The second point that I want to make to you, because you have indicated that you feel this way, is to see in what is said in Church services, in religious writings is merely a metaphorical description divorced from reality. I have already tried to address this in some of the earlier letters but this is such a difficult point to bring across that it bears repetition. But I think a lot of us display our lack of faith in not taking the words of our faith seriously because lurking in the background is the idea that somehow they are too good to be true. We have been fooled so many times that we don’t dare to believe because the thought lurks in our subconscious – all of earth is just one big cemetery and all these stories are intended only to comfort us, but they are not really true. That is why we listen so attentively to what science supposedly says because here, we feel a stamp of authenticity.

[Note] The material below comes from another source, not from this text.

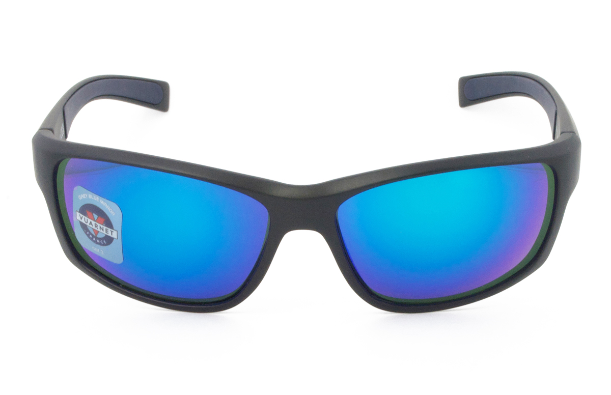 Κοκάλινος αντρικός ματ μαύρος σκελετός σε σχήμα μακρόστενο και αθλητικό στιλ με σκούρους πράσινους UV400 Cat.3 κρυστάλλινους και μπλε καθρέπτη φακούς.

And the last point that I want to make, and this comes through in the sermon we read earlier, is that there is a truly deep mystery in the creation project of God. Through our freedom, which He grants us because He loves us, He calls on us to join Him in completing this project. In a sense, strange as it may sound, He is ‘dependent’ on us to see that creation comes into what it was intended for. We have a reference to it already in Mary’s acceptance to bear the Word. She could have said no and stymied God’s plans. The Christians of Nagasaki contributed to the creation project by becoming ‘the lamb without blemish’ which would be immolated to save the lives of millions of others and would bring the end of war. Christ tells us that as he suffered so will we – we, as St. Paul says, complete Christ’s suffering. It is this terrible realization that gives meaning and purpose to suffering undergone in this world. This is difficult to comprehend by the brain, but it can be understood by the heart. Indeed, the love of God is ‘terrible’ but without it we end up in the void which brings us into the complete nothingness of non-existence.

The name of the physician was Takashi Nagai, the Saint of Nagasaki.